Here are 11 stats from the report that illustrate the difficult market conditions that the province’s renters face:

1. The vacancy rate for purpose-built rental buildings sat at a 15-year low at the end of 2016. It was 2.1 per cent in the province and 1.3 per cent in Toronto.

2. The vacancy rate for Toronto condos — many of which are purchased by investors and added to the city’s rental pool — was even lower at the end of last year, sitting at a seven-year low of 1 per cent.

3. Eighty-five per cent of purpose-built rentals in Ontario are over 35 years old. Upgrading this aging existing stock will require a significant investment from rental owners, possibly to the tune of $5 billion over the next 5 years, the report estimates.

4. When looking at the age distribution of renters, the 25 to 34 year old demographic made up 21 per cent of total renter households in Ontario, making this cohort the “prime renter age segment.” The 35-44, 45-54 and 65+ age segments each made up 19 per cent of the total. Over the next five years, however, the prime 25 to 34 year old segment will see “accelerated population increases” thus further increasing demand for rentals.

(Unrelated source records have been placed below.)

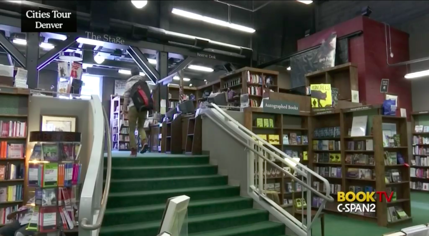 And, here‘s one I missed—it’s an eight-minute video on the history of Tattered Cover. Filmed, I guess, in May or June? Mongrels stuff is on C-SPAN, anyway, albeit blurry in my screencaps:
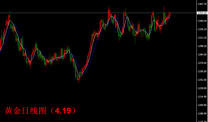 黄金交易投资要领: 顺势为皇,轻仓为王,点位为相,止损至圣,稳健收益,落袋为安,贪心必败! 黄金日线图(4.19) 国际形势方面,上周末美国军事打击伊拉克以后,消息面渐渐趋于平淡。中美贸易争端趋于平淡以后现在又有所升级,中兴华为受到制裁,中国进行有计划的还击。同时美俄贸易关系也趋于紧张。黄金短时间内还是以
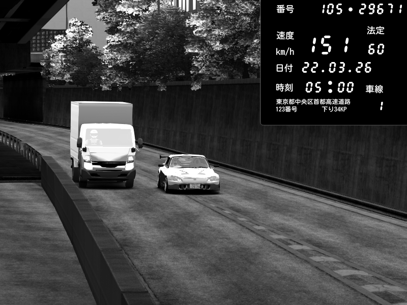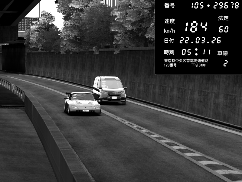 | 2026/03/22 05:11 | C1外回り 新富町 | 136 / 60 km/h | Honda S2000 (AP2 - Legendary) | CAPTURE |
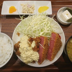 この日は、東部中学校にほど近い田中町の住宅街の中にあるとんかつ屋さん「洋食亭 かつ貴」で、お昼ご飯を食べたよ。メガ盛りチキンソースカツ丼で有名なこのお店で、揚げ物三昧してみたくなったんだ。 この日注文したのは、『フライ盛定食』。チキンカツ3枚、鶏唐揚げ2 ...
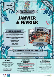 Plaquette jeunesse Programme EPAJG Bourg / 11-17 ans - Mercredis de janv/fév. 2026 1 document Publié le 07 janvier 2026 Retrouvez le programme des activités des mercredis de janv/fév. 2026. WEB-EPAJGBourg-ProgAdos-JANV_FEV.pdf (.pdf, 1,5 Mo) Télécharger PrécédentRetour à la listeSuivant

5. Immigration to the Greater Toronto Area represented 30 per cent of Canada’s immigration total. Ninety thousand immigrants came to the region in 2016 and a similar number are expected to arrive in 2017. As the report notes, the majority of recent immigrants rent when they arrive.

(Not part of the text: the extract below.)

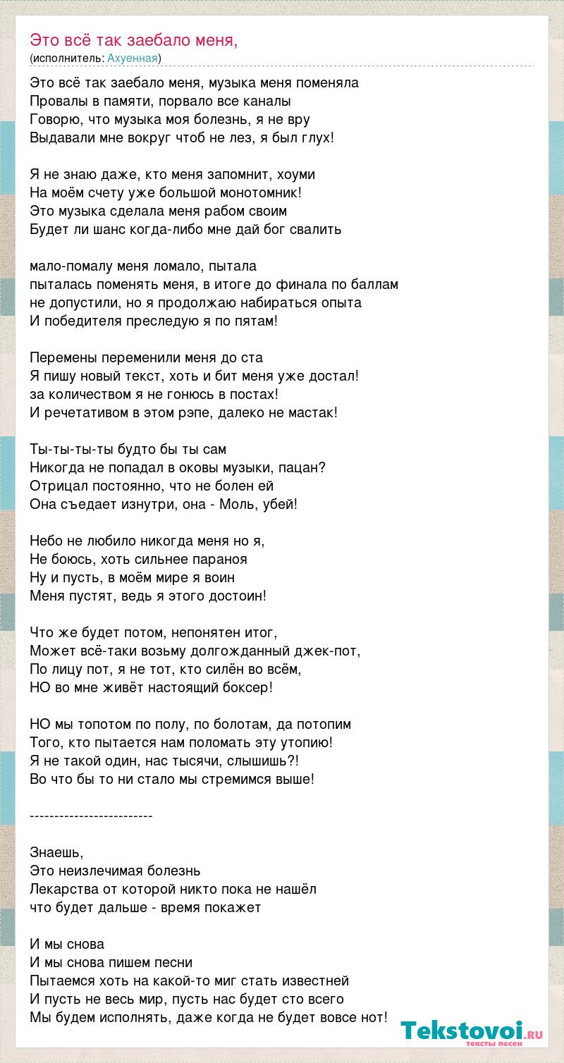 Это всё так заебало меня, музыка меня поменяла Провалы в памяти, порвало все каналы Говорю, что музыка моя болезнь, я не вру Выдавали мне вокруг чтоб не лез, я был глух! Я не знаю даже, кто меня запомнит, хоуми На моём счету уже большой монотомник! Это музыка сделала меня рабом своим Будет ли шанс когда-либо мне дай бог свалить мало-помалу меня ломало, пытала пыталась поменять меня, в итоге до финала по баллам не допустили, но я продолжаю набираться опыта И победителя преследую я по пятам! Перемены переменили меня до ста Я пишу новый текст, хоть и бит меня уже достал! за количеством я не гонюсь в постах! И речетативом в этом рэпе, далеко не мастак! Ты-ты-ты-ты будто бы ты сам Никогда не попадал в оковы музыки, пацан? Отрицал постоянно, что не болен ей Она съедает изнутри, она - Моль, убей! Небо не любило никогда меня но я, Не боюсь, хоть сильнее параноя Ну и пусть, в моём мире я воин Меня пустят, ведь я этого достоин! Что же будет потом, непонятен итог, Может всё-таки возьму долгожданный джек-пот, По лицу пот, я не тот, кто силён во всём, НО во мне живёт настоящий боксер! НО мы топотом по полу, по болотам, да потопим Того, кто пытается нам поломать эту утопию! Я не такой один, нас тысячи, слышишь?! Во что бы то ни стало мы стремимся выше! ------------------------- Знаешь, Это неизлечимая болезнь Лекарства от которой никто пока не нашёл что будет дальше - время покажет И мы снова И мы снова пишем песни Пытаемся хоть на какой-то миг стать известней И пусть не весь мир, пусть нас будет сто всего Мы будем исполнять, даже когда не будет вовсе нот!
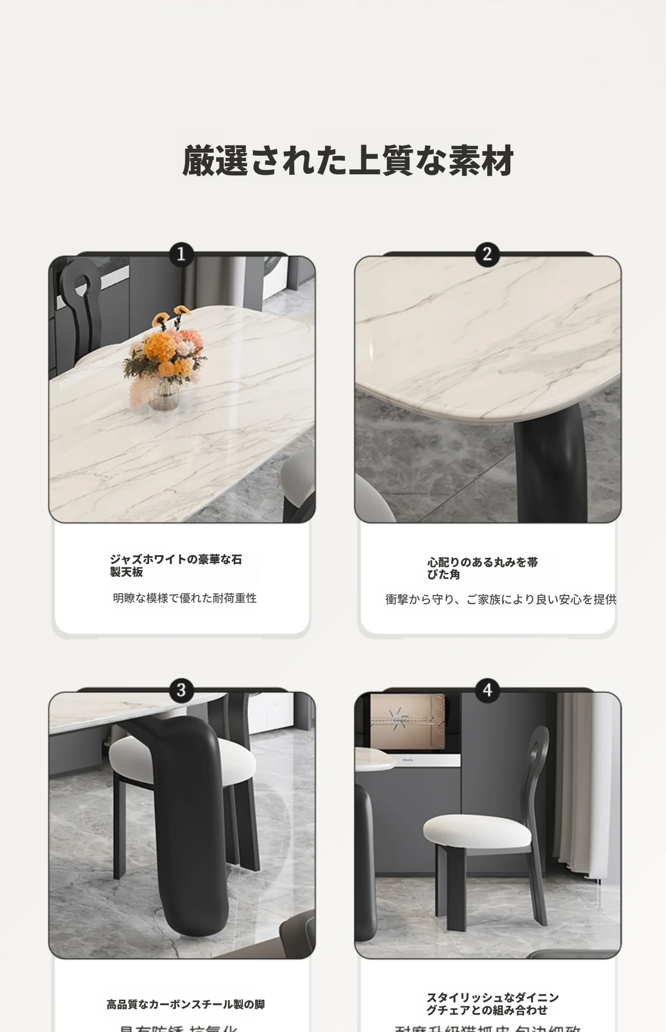 ジャズホワイト天然高級石テーブル+ダイニングチェア*4

6. After hitting a five-decade high in 2011, the homeownership rate in Ontario is expected to “flatten or decline in the next 10 years.” Affordability issues, higher interest rates and stricter mortgage policies are all expected to contribute to this trend.

7. By mid-2017, the cost disparity between owning and renting in the GTA remained at its highest level in more than five years.

8. On the rental supply side, purpose-built rental development reached its highest level since the 80s in both Ontario and the GTA. However, after the new rent control measures were unveiled as part of the province’s Fair Housing Plan, the rate at which new purpose-built rental buildings were proposed slowed when compared to previous quarters, with some projects originally proposed as rental even indicating a change to condominium.

9. On the rental demand side, the report forecasts that rental demand will outweigh supply by approximately 57,500 units over a 10-year period, or 5,750 units per year. This unit total “does not necessarily represent the level of additional rental development required to bring the market into a state of balance, but rather represents a level that keeps conditions from worsening over time.”

10. There is only one rental unit under construction per 1,000 GTA residents. In Vancouver, the ratio is over three rental units while in Montreal, it’s two units.

11. According to the report, rental starts need to double immediately and eventually triple from current levels just to satisfy demand.